このように兵学校の生徒が国民全体の各階層を代表するものであることは、私に深い印象を与えた。
我々イギリス国民は、民主主義を誇りとしている。しかし、イギリス海軍の士官が特権階級と中流階級の上層から出ていることは、否定することのできない事実である。」
ということは、「ジパング」に出てきたハミルトン中尉とエリザベス兄妹は、アッパーミドル(中流の上)かアッパー(上流)クラス出身ということになります。
ところで、アッパークラス(上流)とアッパーミドル(中流の上)でも様々な嗜好や趣味が違ってくるそうです。この違いをハミルトン兄妹の行動を通して観察します。
パーティ後、ハミルトン中尉は草加中尉をパブに誘います。(下の画像)
草加中尉の「なんでも」という言い方いかにも日本人らしいです。(^_^;)
しかしアッパークラスはパブには行きません。また注文した黒ビール(スタウト又はギネスビール) は、何と労働者階級のビールだそう。

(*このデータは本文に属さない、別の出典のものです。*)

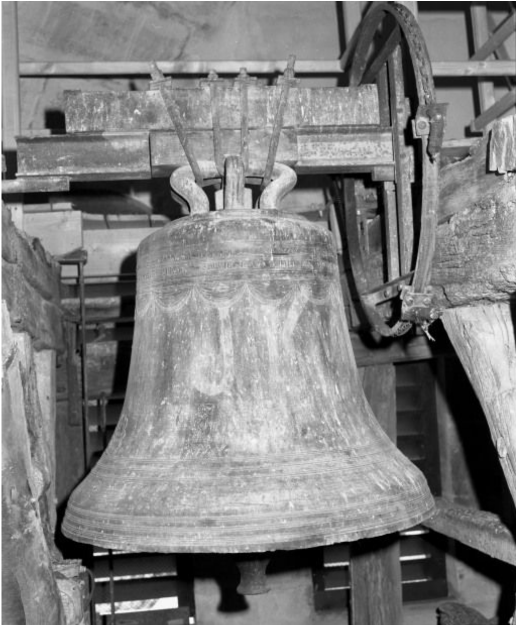
Vue d'ensemble, face postérieure.

この辺は作者のかわぐち先生の調査不足か?アッパーミドルでは「ステラ・ビール」というビールを好んで飲むそうです。
ついでにアッパーミドルのスポーツは、ラグビー かクリケット。サッカーはむしろ労働者階級のスポーツ。
新聞は「タイムズ」か「ガーディアン」、「インディペンデント」紙です。
アッパーミドルクラスのスポーツ、クリケット。野球に似ているんでしょうか。
草加中尉がハミルトン兄弟の家を訪問した時も、エリザベスがお茶を運んできて使用人はいません。(下の画像)となると、ハミルトン一家はアッパークラス(上流)ではないのかもしれません。
またハミルトン兄弟の曽祖父が、クリミア戦争(1853-1856年)でビクトリア勲章を叙勲されたと語っています。 ビクトリア勲章は、当時イギリスで軍の高官のみに授与されたものでした。
ビクトリア勲章は正確にはビクトリア十字章という。
従ってハミルトン家は先祖代々将校を輩出している、典型的なアッパーミドルクラス(中流の上層)と言えるのではないでしょうか。